My name is Emma Lacey and I am currently in my fourth and final year at the University of Southern Queensland, studying teaching.
I am passionate about providing students with the best possible education to prepare them for life outside of school. To do this effectively, I believe this includes integrating and specifically teaching about technologies. By understanding this complex topic students will be capable and informed citizens.
As a result, I have made this curation focusing on teaching sustainability and technologies. The following resources can be used in lessons and also support developing teachers personal understanding on the topic.
There are simple choices and changes we can make in our daily lives that will help us live more sustainably. We need to change the way we live to reduce our over-consuming lifestyles.
Emma Lacey's insight:
This webpage from the WWF website explores the strain Australian's are putting on the Earth because of our lifestyles. It identifies what it is we are doing to put so much strain on the environment and how we can reduce this impact. It also has links at the bottom of the page with more information.
To use this in a lesson, the teacher should go over the information with students and they could possibly create an electronic poster or webpage to present what they have learnt. I recommend Wix for website creation http://www.wix.com/
This clip provides the reader with a different way of thinking about looking after your health. It is based on looking after and improving the environment we live in to in turn improve our personal health. This clip has great insight and while it may not be age appropriate for students, teachers will benefit from it. Through expanding one's knowledge on these issues, teacher will be better prepared to teach students. The key messages could be explained students also.
I highly recommend taking the time to watch this clip and consider its messages.
This is an interesting article exploring how people have started growing their own food. This could be implemented in a school setting as classes could start a vegetable or herb patch which students would look after. Produce could be shared with members of the class or throughout the school. Students may also wish to do something similar in their own homes.
This is a great clip exploring ways that carbon foot print can be reduced around the house.
The simple cartoon would be appropriate for grades 2-4. While the clip is simple and relatively short, technology has been used effectively and as a result it is engaging and provides the information in a way which students find enjoyable.
The clip also highlights different forms of technology, such as energy saving light bulbs and water saving filters, which has helped with sustainability.
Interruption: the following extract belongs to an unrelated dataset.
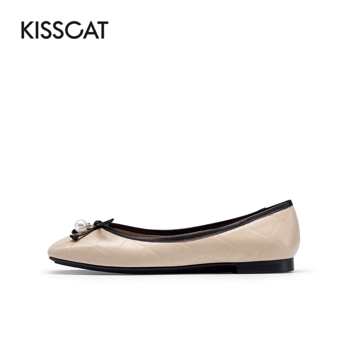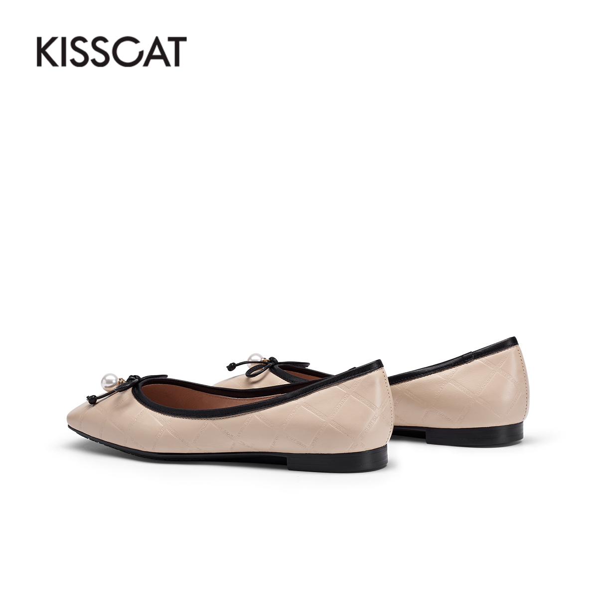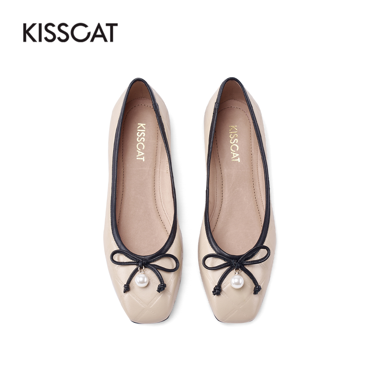 Kissing cat 2022 Summer sweetness retro pearl flat base Shoe fairy Wind Butterfly knot Sheep style single-shoe woman

Class discussions and further research can provide a deeper understanding of these and other technologies.
The clip can be used in various ways in the classroom; for younger students the information may be substantial to form lessons off, while older grades may use it as a foundation on which deeper understanding can be developed.
The Australian Curriculum has embedded sustainability throughout its content descriptors and its rationale, exploring how technology can impact this.
From better mass transit to a stronger mix of renewable energy, what is the most important thing we can do to make cities smarter when it comes to energy use?
Emma Lacey's insight:
This National Geographic article provides interesting ideas into how energy is used in cities. It also provides links to other articles on the same or similar topics, making it a great resource for students and teachers to further their understanding.
This is the link to the New South Wales Department of Education and Communities. It has great resources and information for teaching about sustainability in classrooms. Its a great resource for teachers to expand their understanding about sustainability and find ideas for lessons. While its links to the curriculum is irreverent in Queensland as it does not use the Australian Curriculum, it does still have great resources for teachers.
Did you know that Australia is the second biggest producer of rubbish in the world? It's not a great record to have! Every year each Australian throws out almost 700 kilos of stuff and a lot of that ends up in landfill where it can take hundreds of years to break down. But it doesn't have to be that way if you change the way you think about it. Here's Sarah.
Emma Lacey's insight:
Just found this great Behind The News story dedicated to recycling. The episode explores a recycling program a primary school has developed and also explains what happens to rubbish and recyclable materials. The recycling program shown had great ideas that could be implemented in any school or class. It also has great information and visual images.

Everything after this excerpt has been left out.